Will This Be Roe’s Last Anniversary?
January 20, 2022
Content warning: This conversation mentions sexual abuse.
January 22nd, marks the 49th anniversary of Roe v. Wade, the landmark Supreme Court case granting the right to an abortion “without excessive government restriction.” Year after year, Roe has weathered legal attacks, but this year, due to the conservative majority on the bench, the threat to Roe v. Wade is at an all-time high. A case heard by the Supreme Court on December 1st addressing a Mississippi abortion law posed a direct challenge to the precedent set by Roe. The decision will come out in June, but scholars who listened to the arguments are deeply concerned that this could be Roe’s last anniversary.

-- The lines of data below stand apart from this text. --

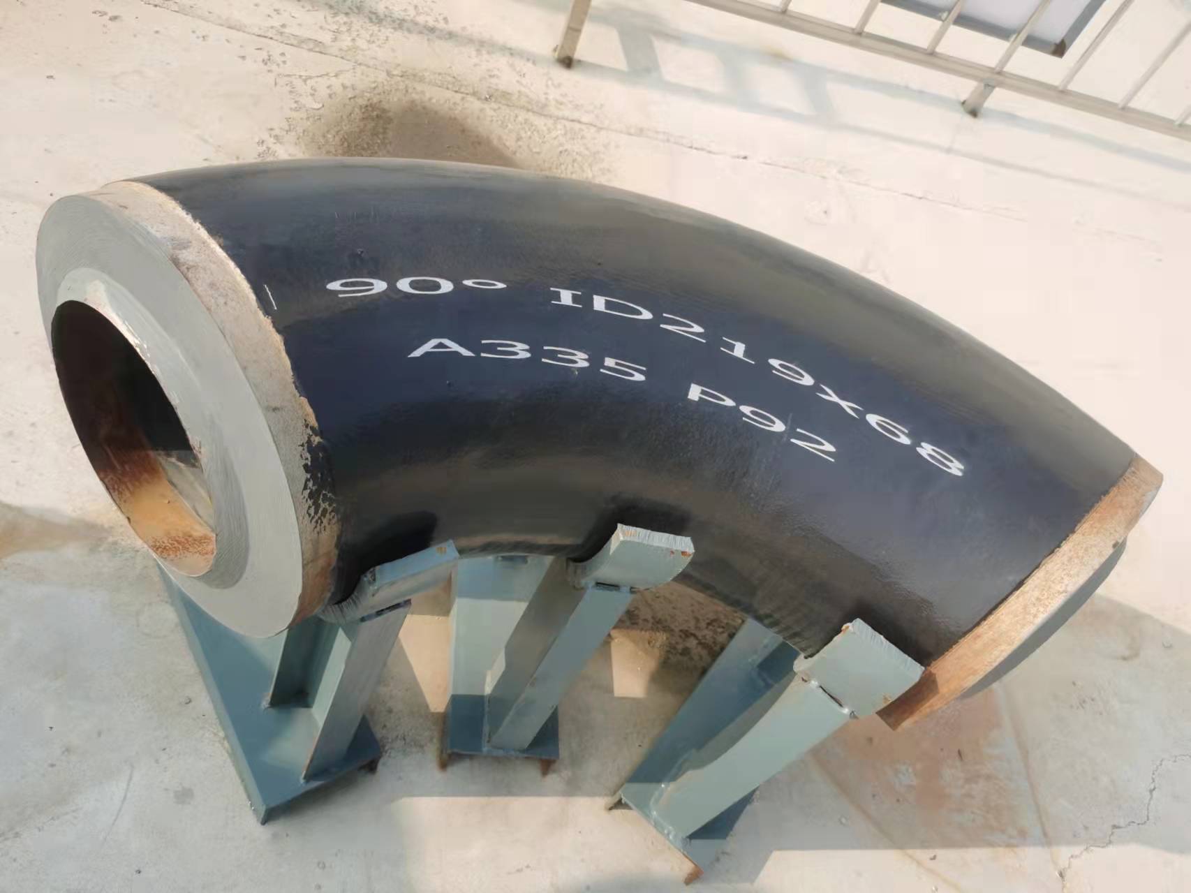 7、A335P92合金彎頭熱處理制度:正火加回火,正火溫度1040℃~1080℃,回火溫度760℃~790℃;S>70mm的鋼管可淬火加回火,淬火溫度不得低于1040℃,回火溫度760℃~790℃。
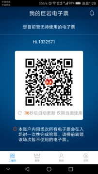 巨岩电子票是目前国内创新的尖端无纸化票务系统,用户通过合作票务平台购买电子票产品后,只需通过使用购票时预留的手机号登陆巨岩电子票APP,即可查看到自己的电子票务信息,并且支持通过扫描首页账户二维码进入场馆,免去排队取票的烦扰。同时巨岩电子票还支持在线赠送电子票。它简单、安全的操作方式会是您最好的票务选择。
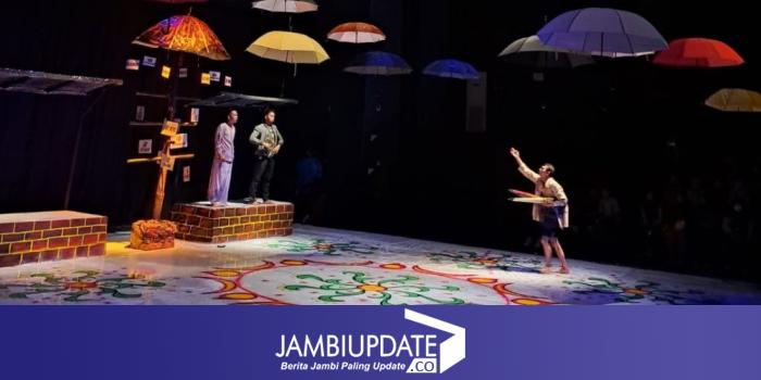 JAMBIUPDATE.CO, JAMBI - Teater Tonggak Jambi hadirkan pergelaran berjudul Payung Terakhir karya/sutradara Didin Siroz, di Gedung arena Taman Budaya Jambi (TBJ) yang terletak di Jalan Sei Arbai I kawasan Sungaikambang, Telanaipura-Kota Jambi pada 13-14 Januari 2024.
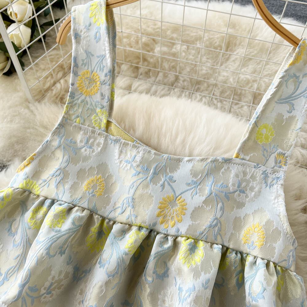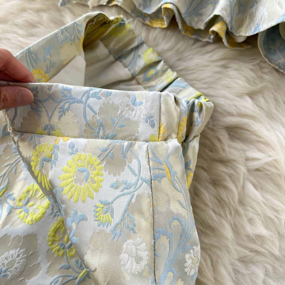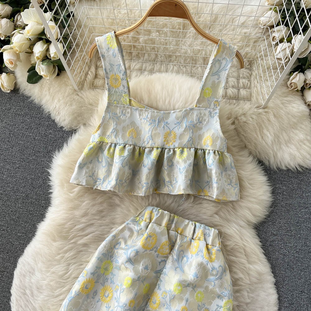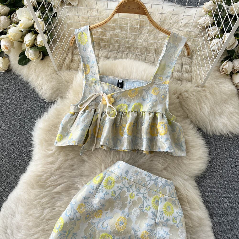 sense print embroidery short ruffled vest top with irregular split skirt two-piece suit ショート 刺繍 スカート lyxaj42252126389

Back in 1973, Roe was an important step towards granting reproductive autonomy to people who could get pregnant. However, Roe itself, was never enough to address the long history of government surveillance over the bodies of the most marginalized. In her book, Policing the Womb: Invisible Women and the Criminalization of Motherhood, law scholar, Michele Goodwin, examines “the reproductive health and rights debate and explores how legislators increasingly turn to criminalizing women”, predominantly black women, for both proceeding with a pregnancy or for ending one.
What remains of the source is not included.